Réfléchir : PARDONNER POUR ACCÉDER A LA PAIX

La pratique du pardon est la condition indispensable à la paix :  paix intérieure et paix dans la société.

Il m’a semblé que c’était un sujet de réflexion impératif en ce moment pour tous les hommes de bonne volonté, pour tous ceux qui souhaitent un changement profond et durable de la société, pour ceux également, qui se sentent piégés et sans recours.

Il m’a également semblé utile de faire un tour d’horizon –  (non exhaustif bien sûr, il faudrait une bibliothèque entière pour épuiser le sujet) – des écrits de sagesse de l’humanité.

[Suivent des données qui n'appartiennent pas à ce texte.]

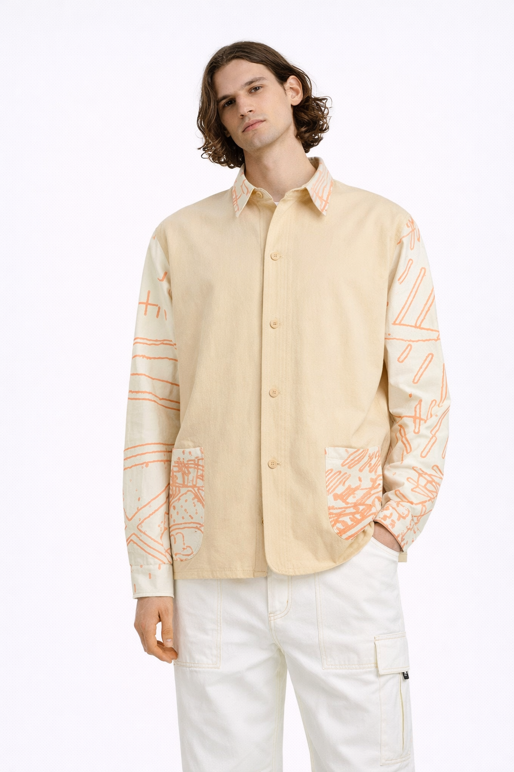 Рубашка свободного кроя, прямого силуэта с длинным рукавом. Воротник рубашечный на стойке. Спереди два вместительных накладных кармана. Застежка по переду и на манжетах рукава на пуговицы.
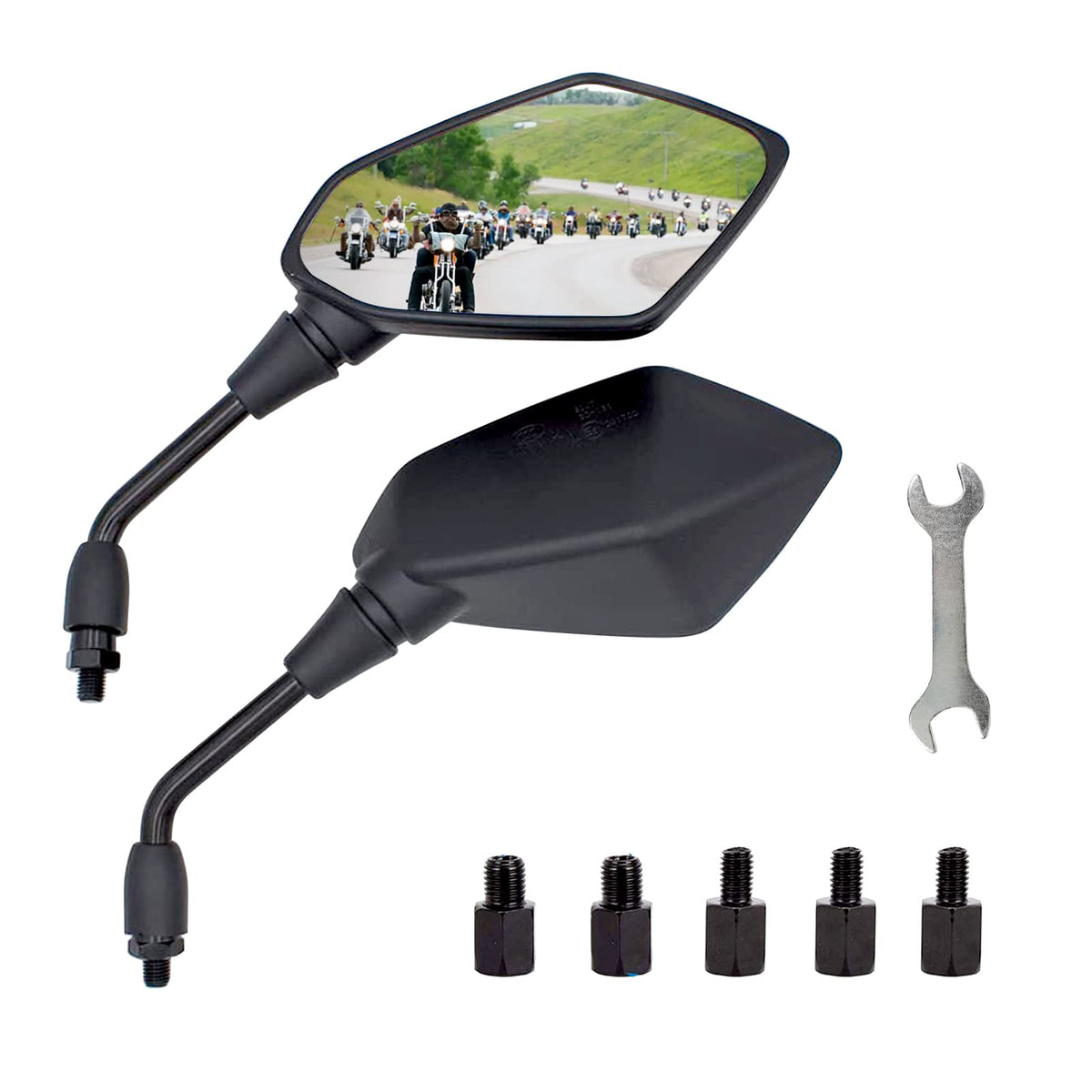 Q: What types of motorcycles are compatible with the MAMIKO Universal Rear View Mirrors?A: The MAMIKO Universal Rear View Mirrors are suitable for a wide range of motorcycles, including Street Bikes, ATVs, Dirt Bikes, E-Bikes, BMX Bicycles, and Scooters. They are compatible with brands such as Kawasaki, Suzuki, Honda, Victory, and Cruiser Chopper.
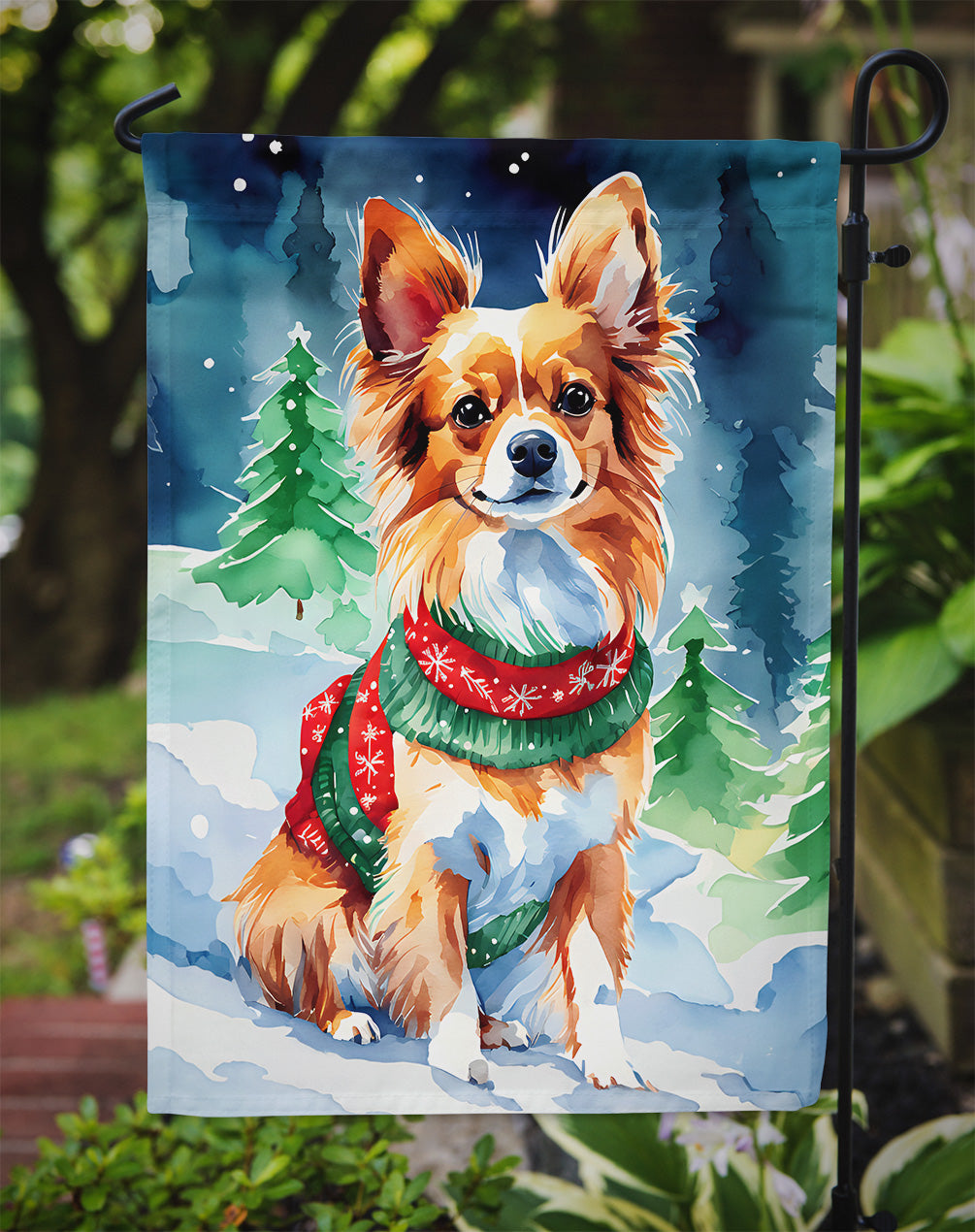Decorate your space with our Christmas Papillon artwork on a Garden Flag. Enhance the beauty of your garden, patio, or yard with Caroline's Treasures Decorative Garden Flag, proudly made in the USA. Crafted from two pieces of thick, double-sided polyester fabric, this 2-ply garden flag is designed to withstand various weather conditions, making it water-resistant and weatherproof. Featuring correctly readable words on both sides, this garden flag offers a delightful visual experience from any angle. With its heavier weight, it stands out among other garden flags, ensuring stability and durability even in wind, rain, and snow. Measuring approximately 11 1/4 inches by 15 1/2 inches, this flag allows you to personalize your outdoor decor. It comes with a 1 1/2-inch sleeve sewn in, allowing easy attachment to any standard garden flag stand or garden size porch hanger (sold separately). Make a statement in your outdoor space with Caroline's Treasures Decorative Garden Flag, a vibrant and high-quality flag that adds color and personality to your surroundings. Proudly made in the USA, it's a symbol of quality craftsmanship and attention to detail.
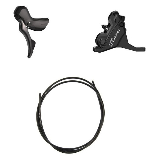 Shimano CUES shift/brake set consisting of the ST-U6030 lever for safe handling and the hydraulic BR-U6030 disc brake caliper for constant braking power. Smooth and simple maintenance is ensured by the tried and tested One Way Bleeding system and the Easy Hose Joint System, which makes brake hose replacement considerably easier.
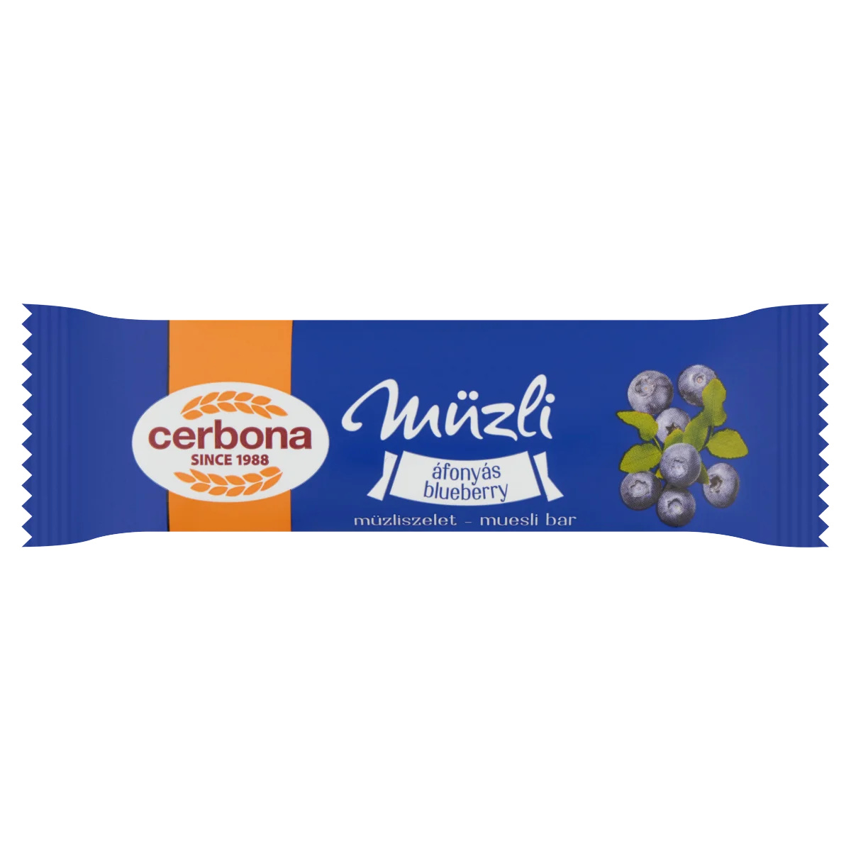 Áfonyás müzliszelet, joghurtos bevonó talppal.

Il n’y a pas de paix possible sans pardon. C’est ce que prêchaient Gandhi et Martin Luther King deux grands apôtres de la non-violence et de l’agapé :  l’amour désintéressé, divin, universel, inconditionnel.

Pour certaines agressions, certains crimes, l’acte de pardon est tout simplement inimaginable. Il est vécu comme une faiblesse, une soumission, une rédition, et donc une victoire pour l’objet de notre rancœur voire notre haine et les sirènes de la vengeance hurlent à nos oreilles.   Pourtant, quelle force intérieure faut-il avoir pour pardonner l’impardonnable !

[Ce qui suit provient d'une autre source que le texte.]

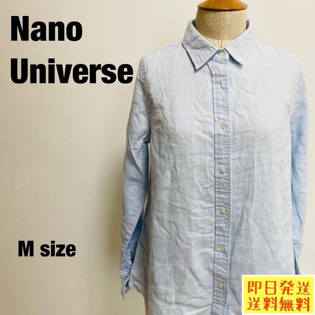【即日発送】ナノユニバース ネルシャツ Mサイズ ライトブルー 麻【1062】
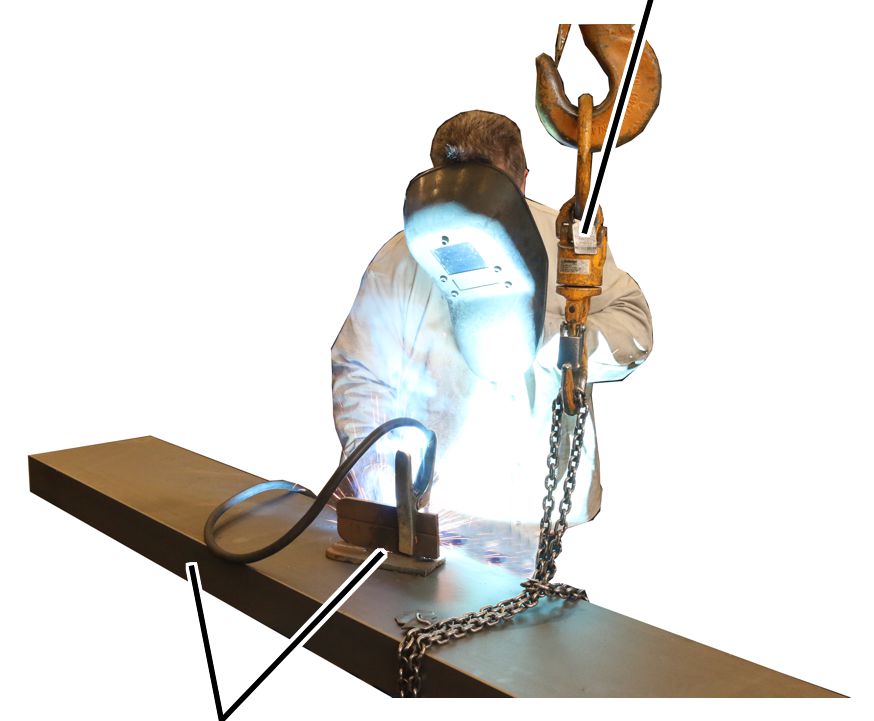 Cuando se utilice la grúa para sujetar componentes en los que se van a realizar soldaduras, es imprescindible utilizar un elemento de sujeción aislado (como un descargador de torsión aislado, una correa de material no conductor, etc.). Caso contrario, la corriente de soldadura podría fluir por la grúa y dañar el mando eléctrico, los cables y los cojinetes. | ||||||
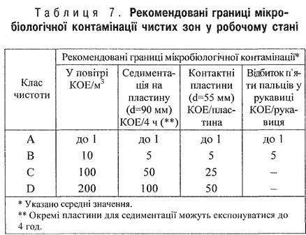 СМР ЄС виділяє чотири класи чистоти для виробництва стерильної продукції (табл. 6, табл. 7).
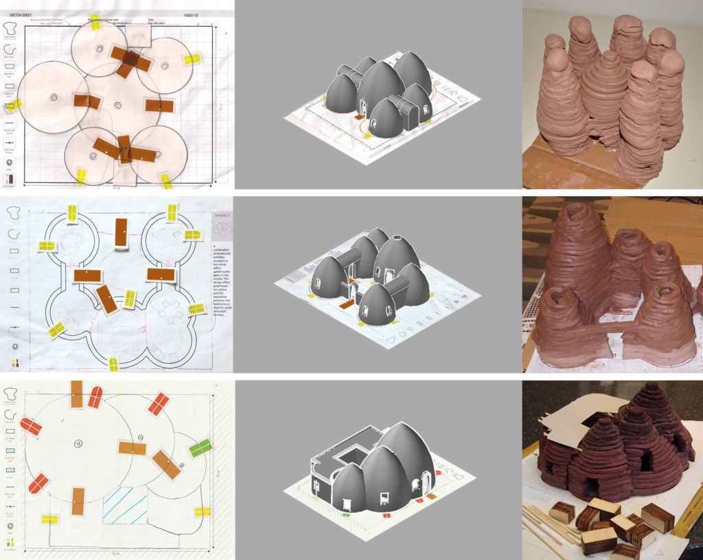 End-user interaction and personalization are increasingly popular in design due to rapid advances in computer aided design and digital fabrication. But many marginalized communities do not benefit from these advances. In refugee camps for example, people live for years in temporary shelters not intended for permanent habitation, and end up haphazardly customizing them. To address this problem, I designed this novel co-design approach using a paper-based kit to support the custom design and construction of sandbag shelters. The kit guides users to design their future homes by sketching and annotatively expressing space, light, and privacy preferences. This input is scanned and automatically processed to generate structurally stable 3D models, optimized to fit camp constraints, but guided by the user’s design. The system also produces step-by-step instructions for physically assembling the structure at a small scale. I envision this workflow and optimization algorithm as a proxy for architects and builders in scenarios where their deployment is costly or impractical at scale.
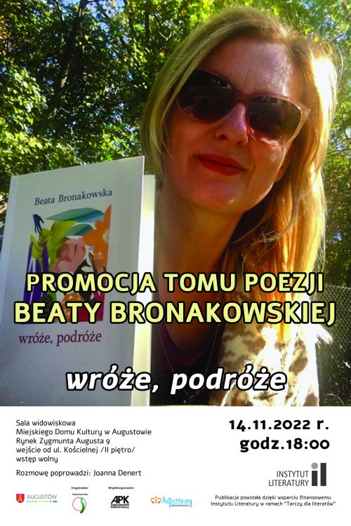 Augustowskie Placówki Kultury oraz Fundacja „Słowo i Obraz”, w imieniu autorki – Beaty Bronakowskiej, zapraszają na promocję tomiku poetyckiego pt. „Wróże, podróże”. Spotkanie autorskie odbędzie się 14 listopada 2022 r. o godz. 18.00 w Sali widowiskowej Augustowskich Placówek Kultury, Rynek Zygmunta Augusta 9 (wejście od ul. Kościelnej, II piętro). Z Beatą Bronakowską porozmawia Joanna Denert.
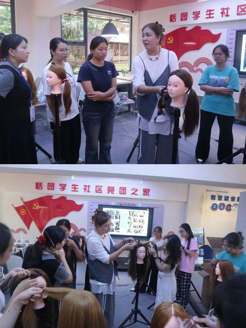 王老师从最基础的两股辫编法入手,耐心讲解了编发的核心技巧。随后,她现场演示了如何将基础编发技巧应用于日常,快速打造出几款简约而时尚的生活发型,激发了同学们的浓厚兴趣。

Sur le plan du collectif, Il faut des châtiments écrivait Hannah Arendt.

« le châtiment a ceci de commun avec le pardon qu’il tente de mettre un terme à une chose qui, sans intervention, pourrait continuer indéfiniment. Il est donc très significatif, c’est un élément structurel du domaine des affaires humaines, que les hommes soient incapables de pardonner ce qu’ils ne peuvent punir, ce qui se relève impardonnable. C’est la véritable marque des offenses que l’on nomme depuis Kant « radicalement mauvaises », et dont nous savons si peu de chose, même nous qui avons été exposés à une de leurs rares explosions en public. Tout ce que nous savons, c’est que nous ne pouvons ni punir ni pardonner ces offenses, et que par conséquent elles transcendent le domaine des affaires humaines et le potentiel du pouvoir humain qu’elles détruisent tous deux radicalement partout où elles font leur apparition. » (Condition de l’homme moderne – Hannah Arendt).

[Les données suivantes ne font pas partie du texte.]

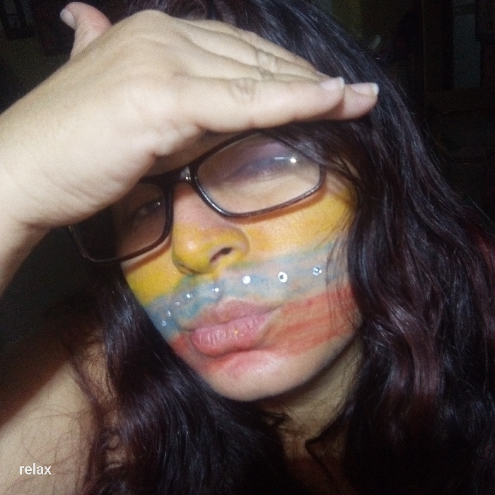 A woman with shoulder-length dark, wavy hair looks at the camera, wearing glasses. Her hand covers the top of her forehead. Her face is painted with horizontal stripes of yellow, blue, and red, reminiscent of a flag, and adorned with small, shiny rhinestones just above her lips. The background is dark and indistinct, contributing to a close-up, personal feel. The word "relax" is faintly visible in the lower left corner of the image.
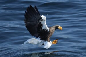 海も青々としておりオオワシの羽やくちばしの色が映えて綺麗でした。
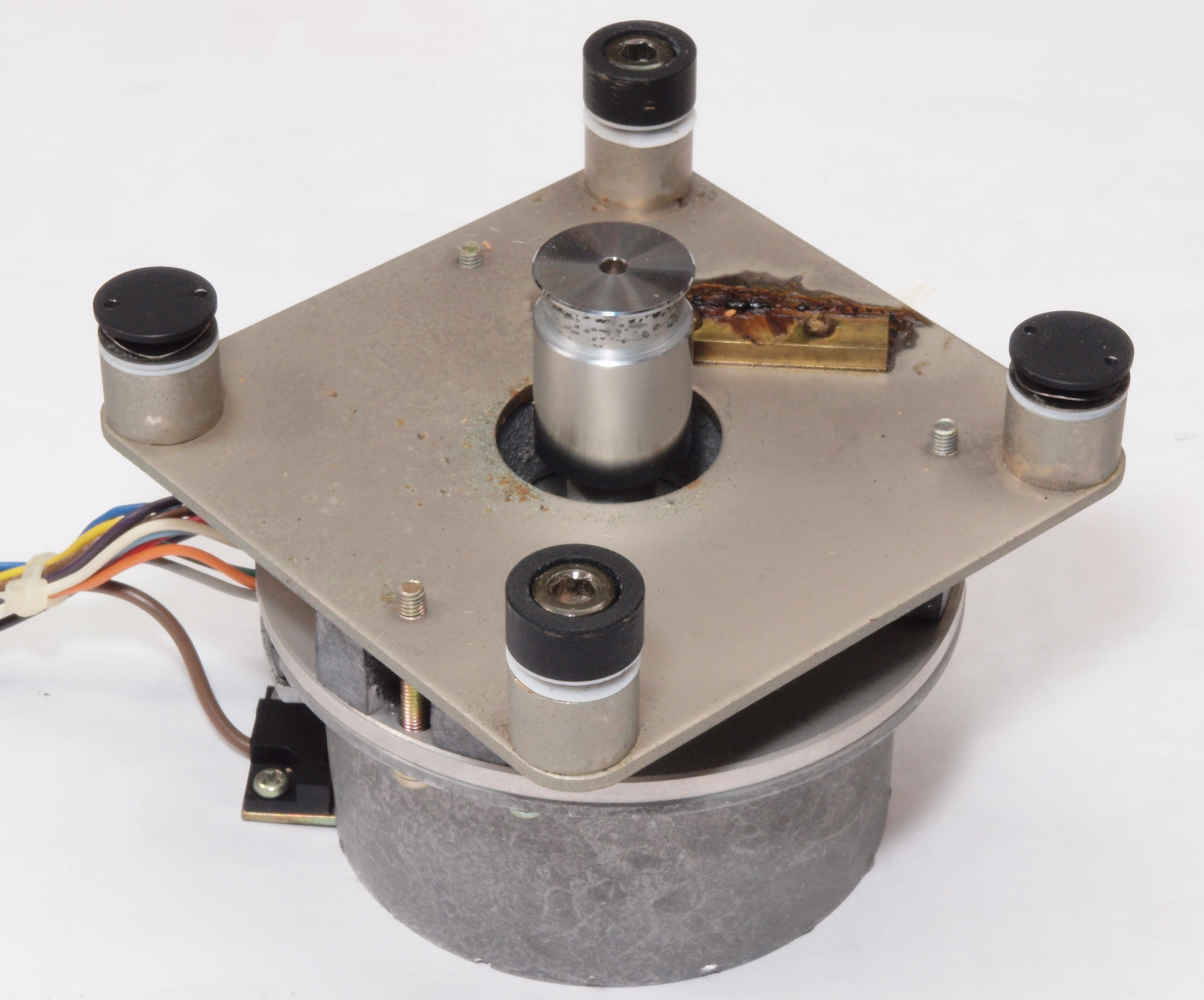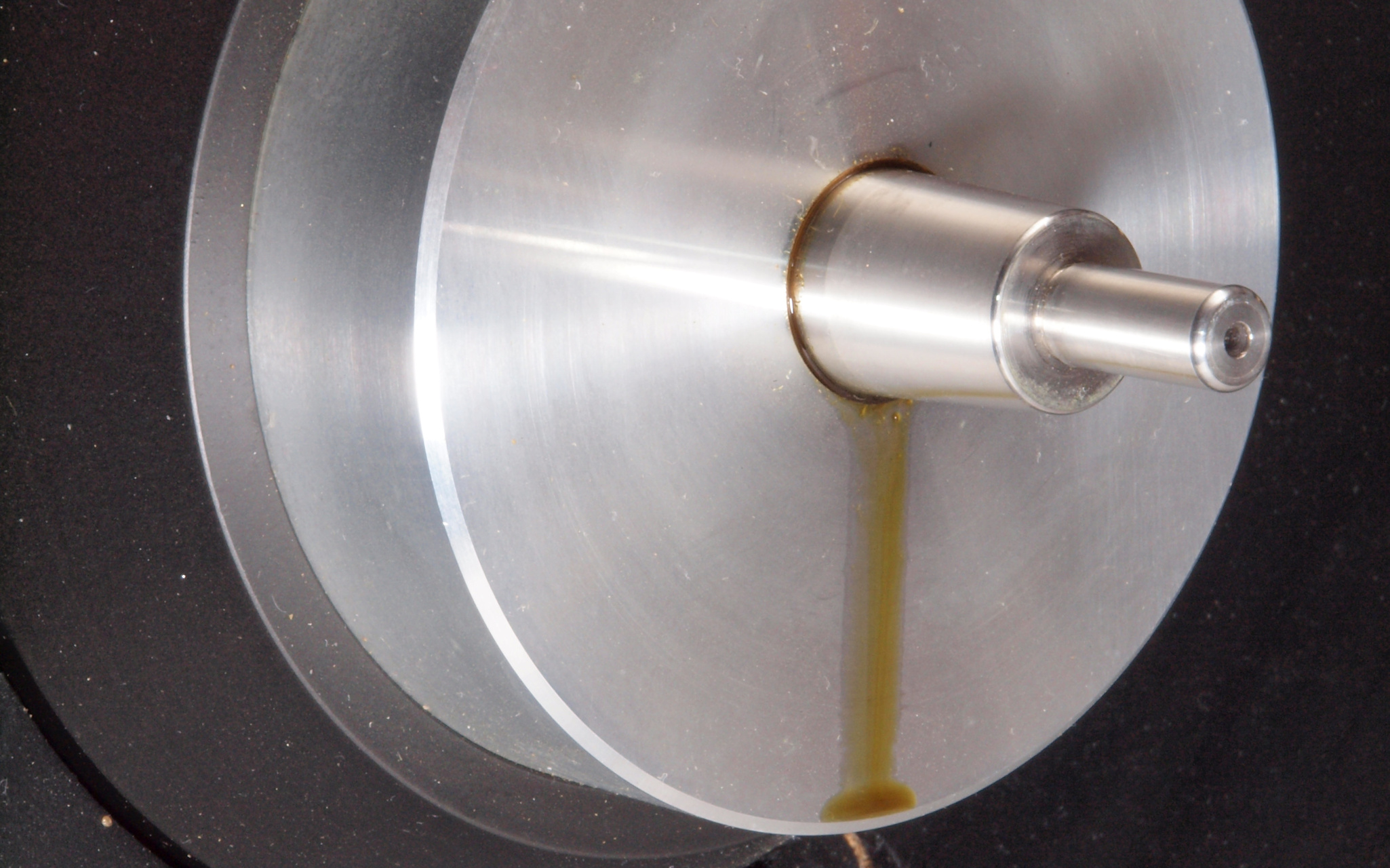 | A1A. 点検中 タンテーブルを外し、上から見る。タンテーブル(プラッター)軸。粘度の低いオイルを使用した! 高負荷の軸受けは高粘度オイルを使用する。 | ||||||||||||||||||||||||||||||||||||||||||||||||||||

Si l’on réfléchit à l’histoire de l’humanité, ce point de vue, à priori évident, pose la question de l’efficacité réelle du châtiment.  Les société humaines n’ont pas cessé de punir les offenses individuelles et collectives, soit par la l’escalade de la vengeance, soit par la voie de la justice d’état.  Il ne s’agit pas ici de contester l’utilité de cette dernière qui est une évidence. Cependant,  ces punitions ont-elles jamais vraiment apaisé la rancoeur ? Ont-elles jamais servi d’exemple ?

Ont-elles jamais empêché la répétition des crimes ?

Ont-elles jamais brisé le cercle vicieux de la violence ?

La véritable solution est manifestement ailleurs.

La société étant la somme des individus qui la composent, si nous voulons avancer, changer cette société,  il faut  briser le cycle dévastateur de la violence d’abord sur le plan individuel .  Vu sous cet angle, la résolution du problème est d’une simplicité lumineuse :

Si l’homme était sage, il n’y aurait plus ni violences, ni souffrances.

C’est tellement évident, que ça en semble ridicule.  J’entends certains qui ricanent en murmurant : « Et si ma tante en avait… »

Pourquoi oublions-nous une telle évidence ?

Parce que la violence dans nos interactions humaines et sociales est un magnifique levier de pouvoir et que ce dernier a tout intérêt à ce que nous n’évoluions pas.

Parce qu’elle crée et entretien la séparation, et qu’elle sert le veau d’or

Parce qu’en nous elle satisfait  les forces sombres de l’égo.

Pourtant, nous serions les premiers bénéficiaires, individuellement, de la pratique du pardon, car d’abord, c’est nous qu’il rend libres et apaise. La paix sociale en est sa conséquence.

« le pardon est précisément ce processus qui supprime peu à peu ces barrières, et nous permet de commencer à accepter et même d’aimer ceux qui nous ont blessés. C’est la dernière étape de la libération intérieure. »

Et « pour se pardonner à soi-même, il faut s’accepter tel qu’on est. La perte de la fausse image de soi, qui permettait de se croire supérieur et de cacher ses fragilités et ses fautes, peut réveiller une angoisse et une souffrance intérieure. Nous ne pouvons accepter cette souffrance que si nous découvrons, cachée sous ces masques et ces brisures de notre être, notre vraie personne profonde, plus belle que celle que nous avions imaginée. »(Accueillir, p. 211-212)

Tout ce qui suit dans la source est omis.